(EXTRACTED ENTRIES Opens)

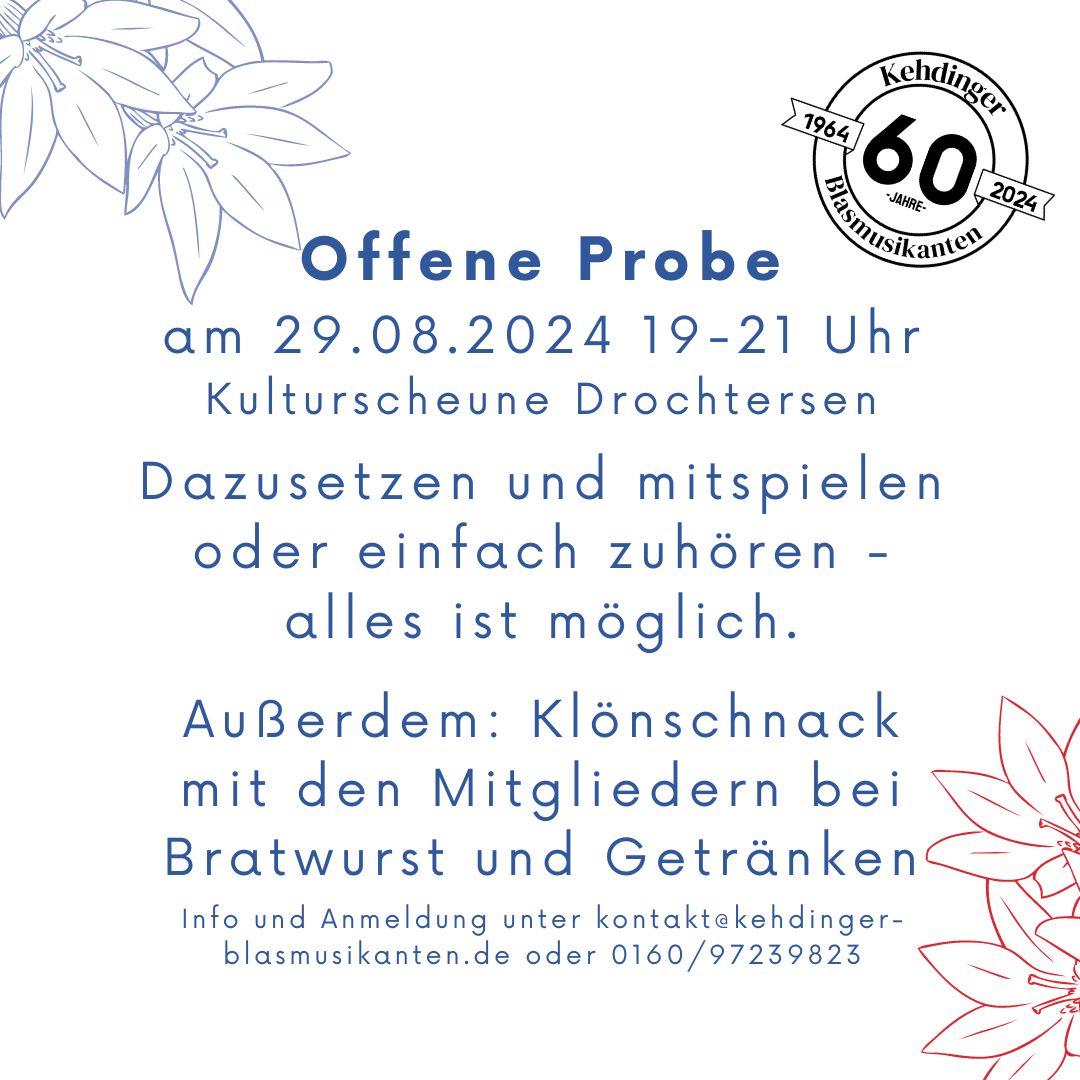Drochtersen. Die Kehdinger Blasmusikanten e.V. laden herzlich zur offenen Probe am 29. August 2024 in die Kulturscheune Drochtersen ein. Ab …
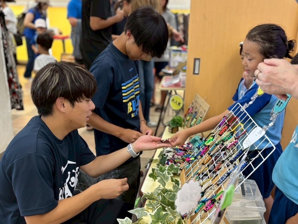 ぶどうの木はのみの市とパラコードキーホルダーの担当です。のみの市は寄贈いただいたものを販売します。パラコードキーホルダーは保護者や子どもたちの手作りのものを販売します。ワークショップのコーナーも設けられ大盛況です‼
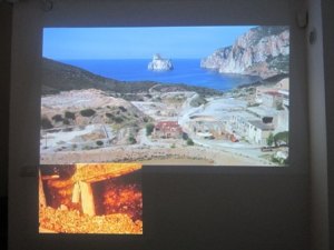 Accanto al logo dei minatori sardi compare uno spaccato di roccia il cui rimando è a due video posti l’uno accanto all’altro.
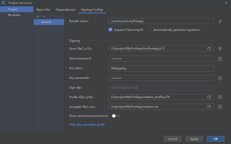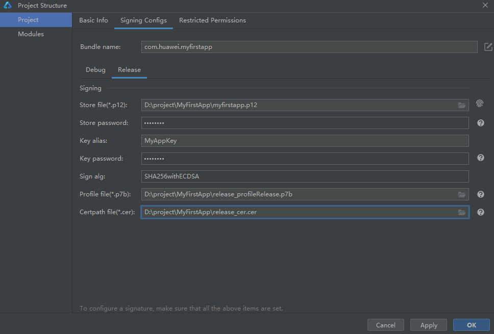 使用制作的私钥(.p12)文件、在AGC申请的证书文件和Profile(.p7b)文件,在DevEco Studio配置工程的签名信息,以构建携带发布签名信息的APP。
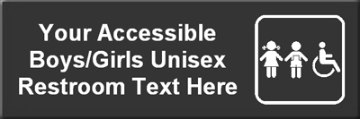Tired of browsing through stock signs? Now type your own text and make your own Accessible Unisex Restroom Sign in just a few minutes.
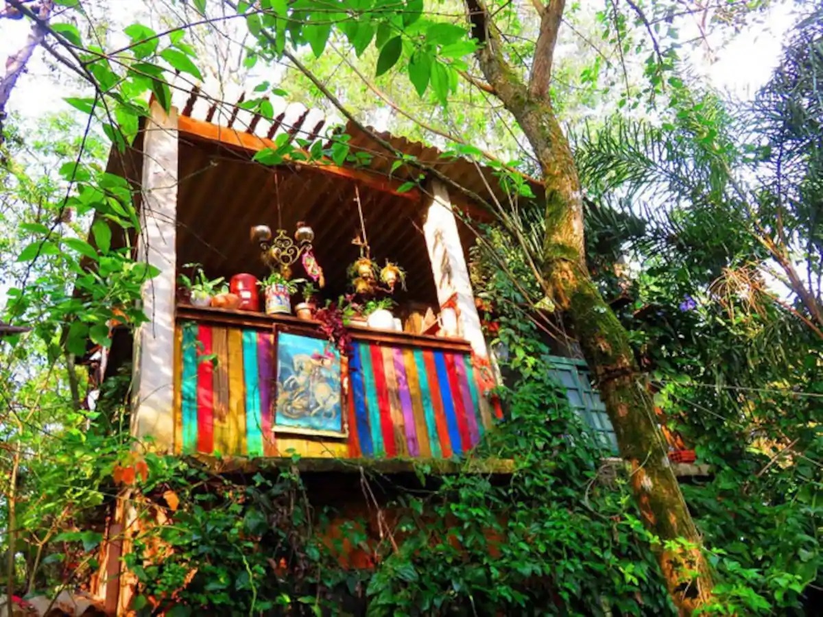 Para subir na cabana é preciso subir uma escada tipo bombeiro de madeira. A cabana toda colorida é para um casal e com certeza garante uma experiência única.
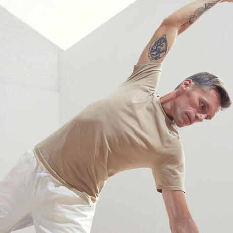 T SHIRT MANCHES COURTES SANS COUTURES YOGA DOUX HOMME BEIGE
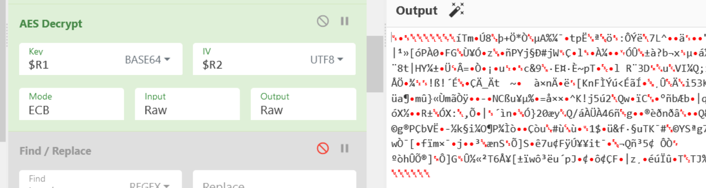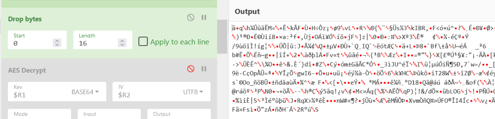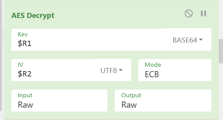 Note how we can access our key and IV via the $R1 and $R2 registers that were previously created. We do not need to specify a key here.
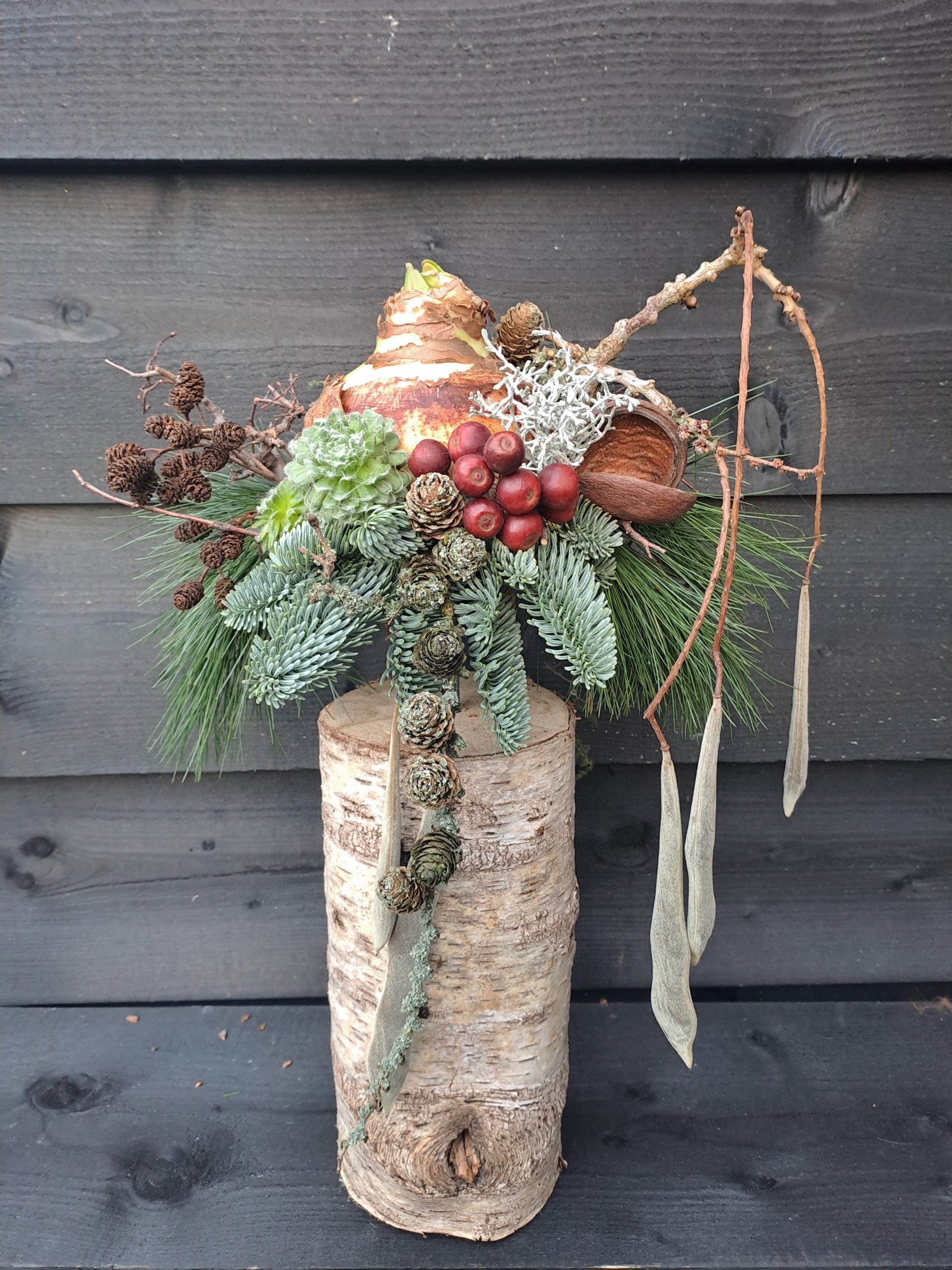Materiaal: Amaryllisbol, wintergroen, bessen, mos, natuurlijke takken, berkenstam
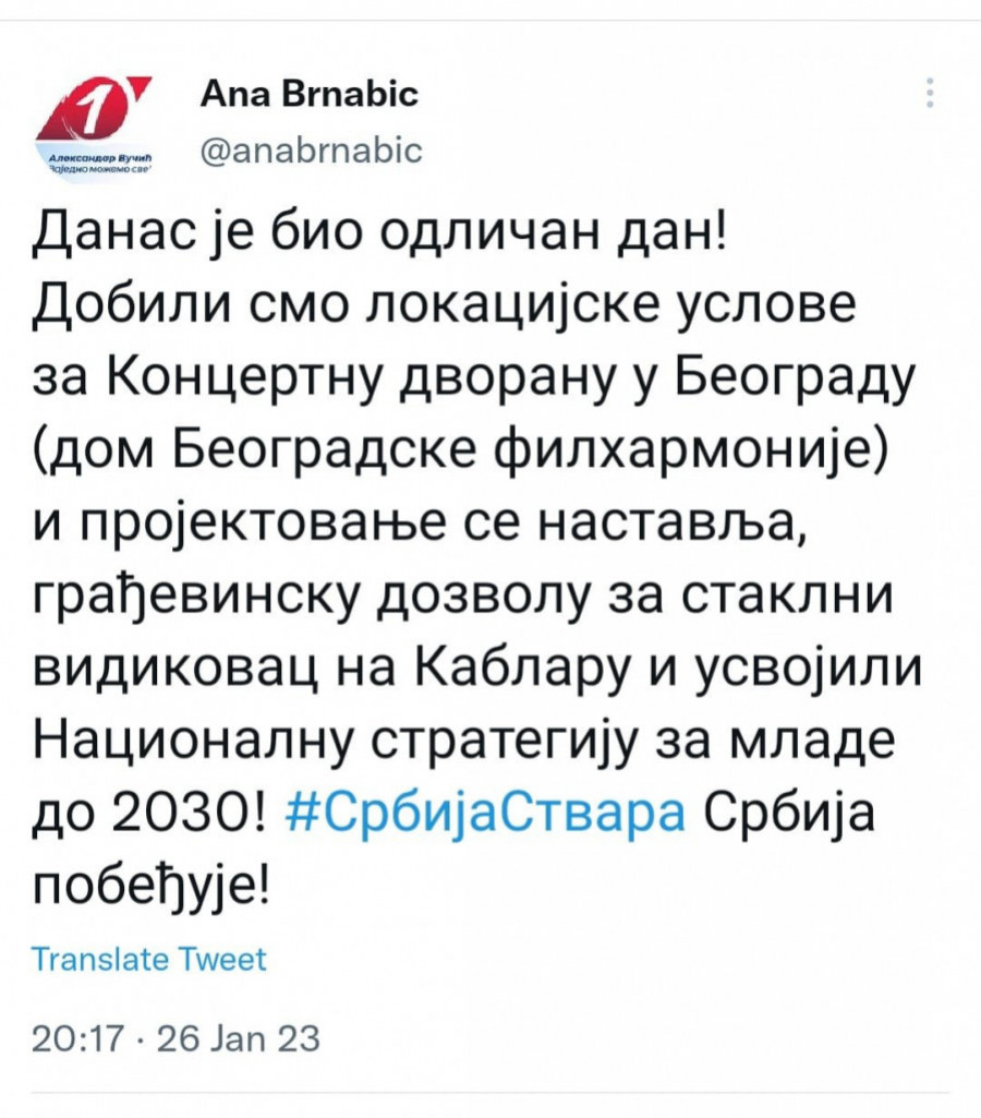 - Danas je bio odličan dan! Dobili smo lokacijske uslove za Koncertnu dvoranu u Beogradu (dom Beogradske filharmonije) i projektovanje se nastavlja, građevinsku dozvolu za stakleni vidikovac na Kablaru i usvojili Nacionalnu strategiju za mlade do 2030! #SrbijaStvara Srbija pobeđuje!
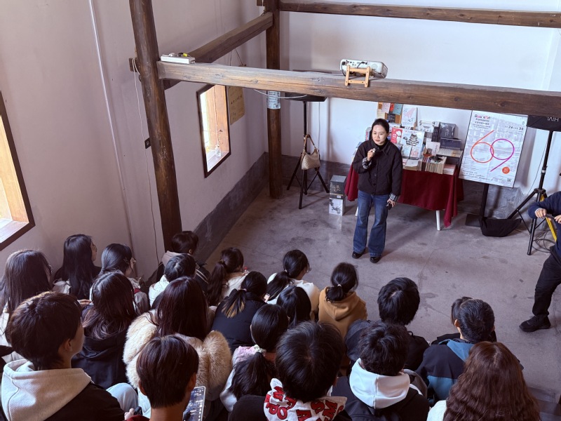 上午,师生团队前往陈家铺村,探访诗意民宿集群。曾经闲置的老屋,在 “文化赋能” 理念指引罡,变身兼具乡土韵味与现代美学的民宿,保留了古村肌理,又注入了新的生命力。在 “飞蔦集”“先锋书局” 等特色民居,师生们深入了解 “古村活化” 的创新路径。马克思主义学院教师蓝翊嘉结合陈家铺创造性转换和创新性发展案例,开展现场教学,引导学生思考 “绿水青山” 与 “金山银山” 的转化逻辑,感悟新时代绿色发展之美。
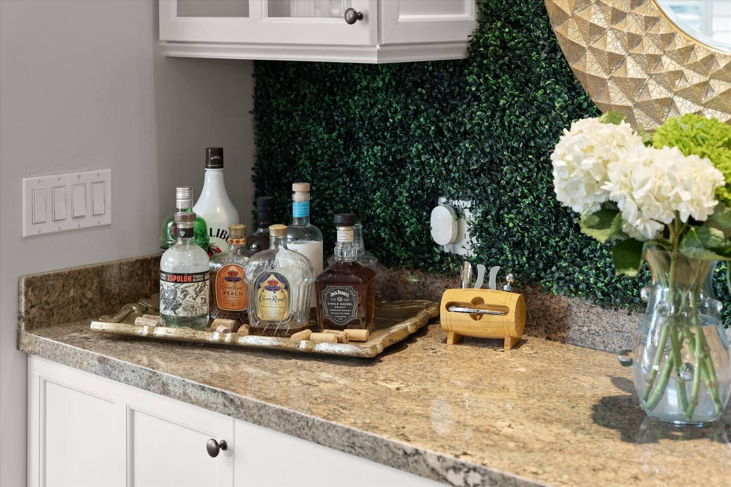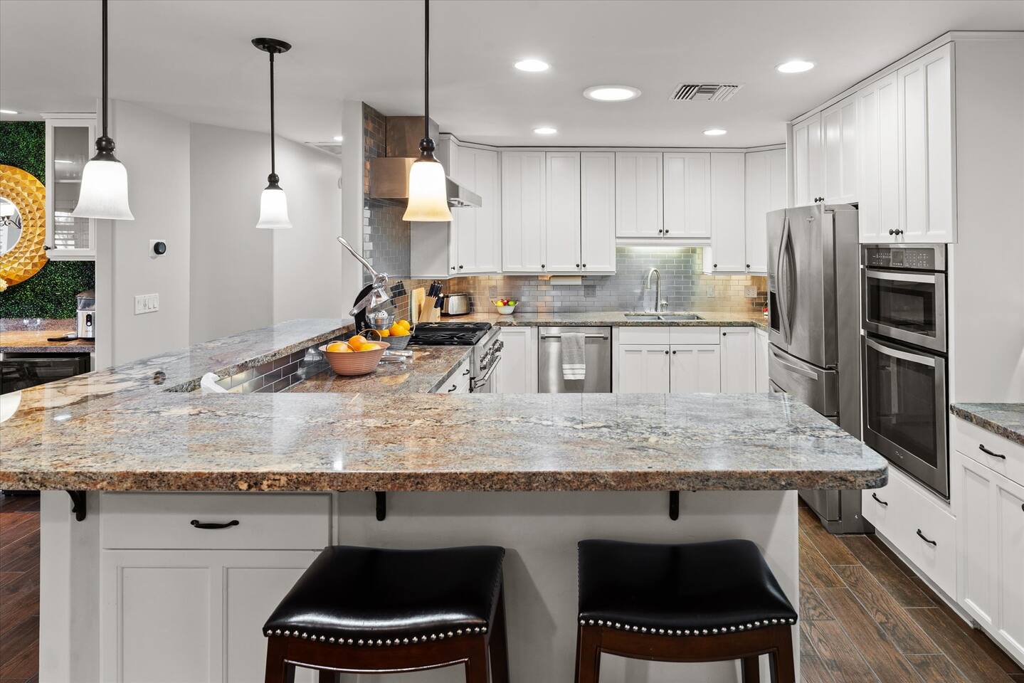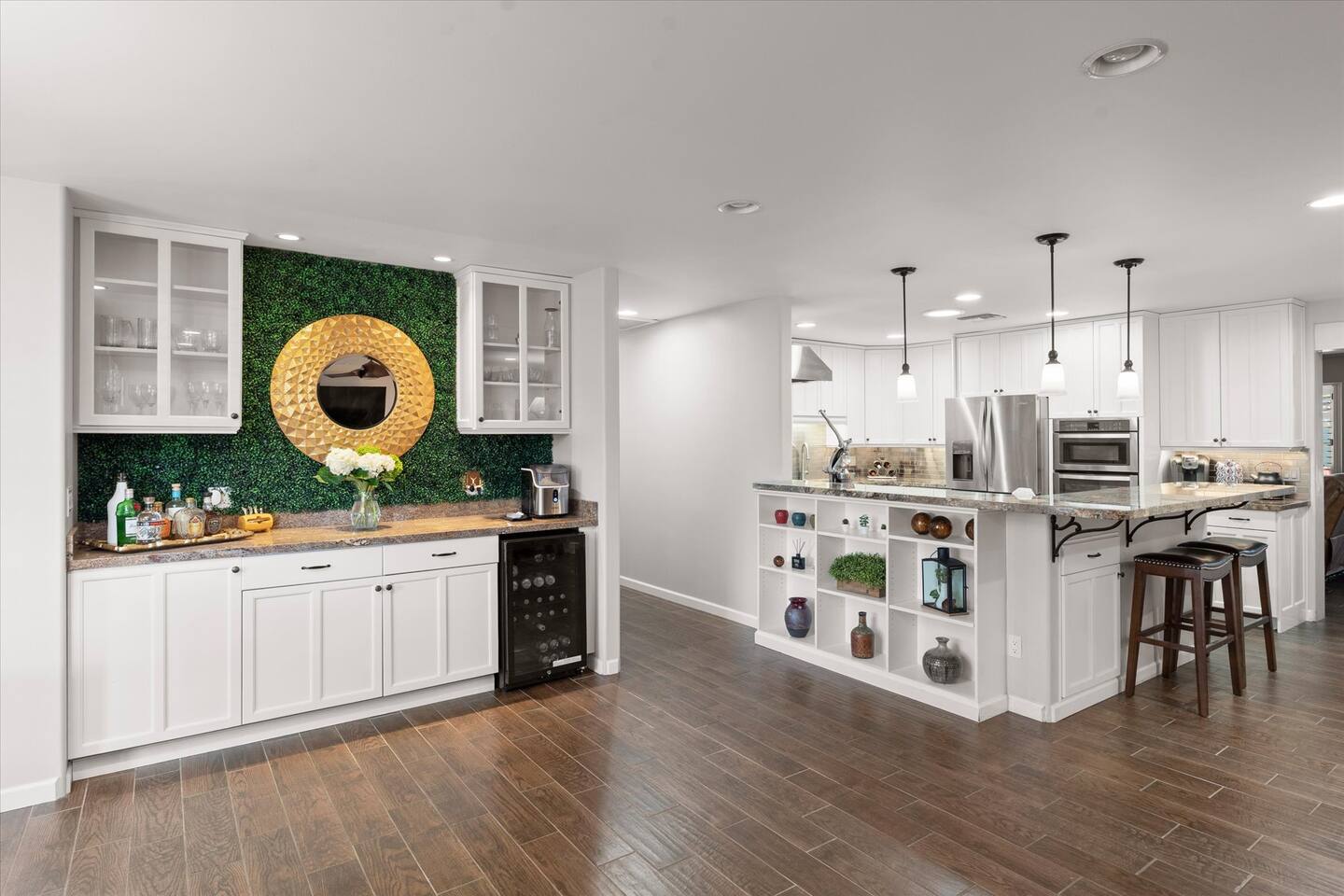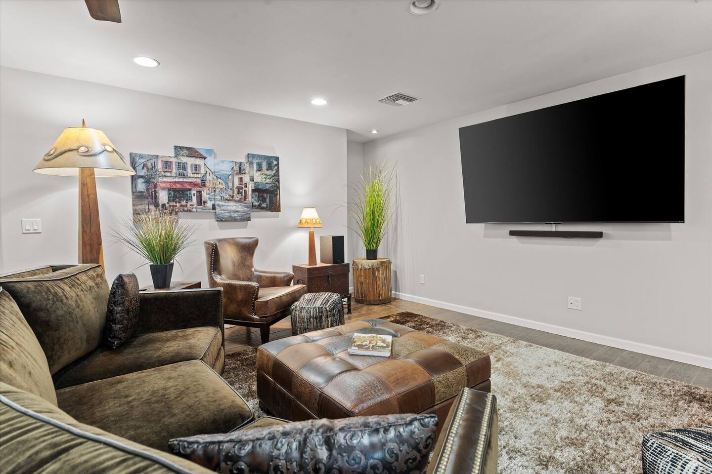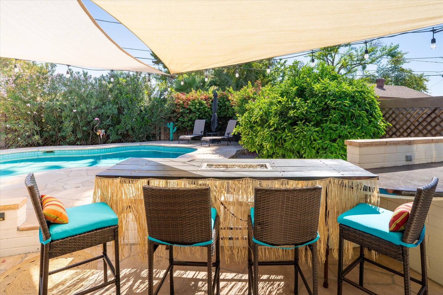 WHAT THIS PLACE OFFERS Bedrooms (4 - 2 King Beds & 2 Queen Beds) Bathrooms (3 Full) Bathtubs (2) Hair dryers & curling irons in each bathroom Cleaning products in each bathroom EcoWell H2O Therapy shampoo & body wash Hand soap in each bathroom & kitchen Navien NPE-240A on-demand hot water system Bath and pool towels Toilet paper, paper towels & Kleenex tissue Closet hangers Bed linens (2 sets per room) Room-darkening shutters and shades Ensuite walk-in closets, closets, nightstands, luggage stands and dressers Baby Pack ’n play/Travel crib Pool safety fence/gate system available HVAC - 2 air conditioning/central heating units Ceiling fans Christmas decorations LIVING ROOM & HOME THEATER Living room 85" Roku HDTV, Samsung Soundbar, designer couch/ottoman with 2 leather chairs 120" ONN Roku TV projector system, Sony surround sound speaker system and 2 leather reclining theater couches Nostalgia old-fashioned popcorn cart with candy dispenser Extra pillows and blankets Books, magazines and reading material Children’s books and toys Board games, trivia games, playing cards and puzzles HOME OFFICE & SUN/WELLNESS ROOM T--Mobile WIFI tower & service Dedicated adjustable height desk workspace with ViewSonic monitor and Logitech keyboard & mouse Private Sunlighten Amplify II 2-person full spectrum infrared sauna with chromotherapy & 2-speaker Bluetooth audio system ONN 44" Roku HDTV Gym Weights (5-20 lbs), Yoga Mats (2) & Resistance Bands Twin sofa sleeper bed for 2 kids and/or 2 extra guests KITCHEN, DRINK BAR & DINING Thermador & Whirlpool kitchen appliances Space where guests can cook their own meals Whirlpool refrigerator/freezer Whirlpool microwave/oven combo Frigidaire beverage refrigerator & Kismile icemaker Thermador natural gas cooktop/oven Thermador dishwasher Garbage disposal Dining table (6-person) Bar stool dining (2-person) COOKING BASICS Pots and pans Dishes, silverware and glassware (plastic sets for pool area) Bowls, chopsticks, plates, cups, etc. Keurig 2.0 coffee machine Haden hot water kettle Chefman coffee maker Wine and drink glassware (plastic sets for pool area) Toaster Baking sheet, tin, glassware and cooling racks Pizza sheet Breville blender BACKYARD OASIS Private outdoor lighted saltwater pool (not heated) - available all year, open specific hours, pool toys, child safe fencing system available to put in by guests, as needed, open from 7:00 AM to 9:00 PM Private Aquavoss hot/cold tub - available all year, open specific hours with outdoor entertainment systems (TV + soundbar) and Fosi Audio BT20A Bluetooth sound system, open from 7:00 AM to 9:00 PM Outdoor furniture Sun loungers (2) with umbrella Mini golf 4-hole putting green and turf outdoor games recreation area Outdoor dining areas (1 backyard high table with 4 chairs and built-in flame adjustable propane fire pit, 1 backyard low table with 2 couches for seating 5 and 1 front patio table with 4 chairs and umbrella) Private outdoor kitchen with BBQ grill (natural gas) BBQ tools, silpat cooking mat and cleaning products LAUNDRY ROOM Whirlpool Duet washer & dryer Utility sink Laundry essentials Laundry basket Drying rack with hangers for clothing Shark Rocket Deluxe Pro vacuum cleaner Libman floor sweeper Cosco stepstool Broom & dustpan HOME SECURITY SYSTEMS 4 monitored Ring exterior security cameras (carport, inside garage, the front door bell, and the backyard) All windows are monitored Front door Yale monitored keyless entry lock along with the 2 Nest thermostats Rear door Defiant monitored keyless entry lock Smoke alarms Carbon monoxide alarm (back bedroom for Navien NPE-240A on-demand hot water system) Fire extinguisher (laundry room) First aid kit (laundry room) Outlet covers (laundry room) PARKING Free carport on premises – 2 spaces

(EXTRACTED ENTRIES Closes)

WORK REQUEST -
The first line of the entries, the line containing "ぶどうの木はのみの市とパラコ", and every line between them are to be output exactly; pictures are not.

EXPECTED ANSWER -
Drochtersen. Die Kehdinger Blasmusikanten e.V. laden herzlich zur offenen Probe am 29. August 2024 in die Kulturscheune Drochtersen ein. Ab …
 ぶどうの木はのみの市とパラコードキーホルダーの担当です。のみの市は寄贈いただいたものを販売します。パラコードキーホルダーは保護者や子どもたちの手作りのものを販売します。ワークショップのコーナーも設けられ大盛況です‼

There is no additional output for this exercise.